* [Information shown]
=== Section Start ===

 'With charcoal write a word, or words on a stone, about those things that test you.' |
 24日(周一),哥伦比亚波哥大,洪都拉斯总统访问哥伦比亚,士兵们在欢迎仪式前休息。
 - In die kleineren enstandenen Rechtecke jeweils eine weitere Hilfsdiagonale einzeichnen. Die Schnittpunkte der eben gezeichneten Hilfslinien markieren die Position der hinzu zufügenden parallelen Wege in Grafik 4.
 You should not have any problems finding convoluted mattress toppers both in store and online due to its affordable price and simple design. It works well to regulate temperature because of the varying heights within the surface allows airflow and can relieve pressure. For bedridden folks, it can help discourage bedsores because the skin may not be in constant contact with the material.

=== Section End ===
=== Section Start ===

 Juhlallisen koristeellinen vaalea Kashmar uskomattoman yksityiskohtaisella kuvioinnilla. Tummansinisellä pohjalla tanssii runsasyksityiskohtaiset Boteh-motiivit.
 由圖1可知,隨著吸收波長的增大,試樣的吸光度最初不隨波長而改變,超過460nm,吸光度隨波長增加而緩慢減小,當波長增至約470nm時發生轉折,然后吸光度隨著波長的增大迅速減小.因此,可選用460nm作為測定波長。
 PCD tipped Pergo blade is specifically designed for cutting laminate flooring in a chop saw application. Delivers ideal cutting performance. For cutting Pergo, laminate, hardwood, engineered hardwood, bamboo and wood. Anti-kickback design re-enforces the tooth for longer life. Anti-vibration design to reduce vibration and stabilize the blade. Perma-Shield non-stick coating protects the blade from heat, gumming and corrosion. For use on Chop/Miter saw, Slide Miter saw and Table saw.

=== Section End ===

* [Directions for this task] Print exactly the lines of the listing above starting at the line containing "Juhlallisen koristeellinen vaalea" and ending at the line containing "PCD tipped Pergo", both included.

* [Your response]
 Juhlallisen koristeellinen vaalea Kashmar uskomattoman yksityiskohtaisella kuvioinnilla. Tummansinisellä pohjalla tanssii runsasyksityiskohtaiset Boteh-motiivit.
 由圖1可知,隨著吸收波長的增大,試樣的吸光度最初不隨波長而改變,超過460nm,吸光度隨波長增加而緩慢減小,當波長增至約470nm時發生轉折,然后吸光度隨著波長的增大迅速減小.因此,可選用460nm作為測定波長。
 PCD tipped Pergo blade is specifically designed for cutting laminate flooring in a chop saw application. Delivers ideal cutting performance. For cutting Pergo, laminate, hardwood, engineered hardwood, bamboo and wood. Anti-kickback design re-enforces the tooth for longer life. Anti-vibration design to reduce vibration and stabilize the blade. Perma-Shield non-stick coating protects the blade from heat, gumming and corrosion. For use on Chop/Miter saw, Slide Miter saw and Table saw.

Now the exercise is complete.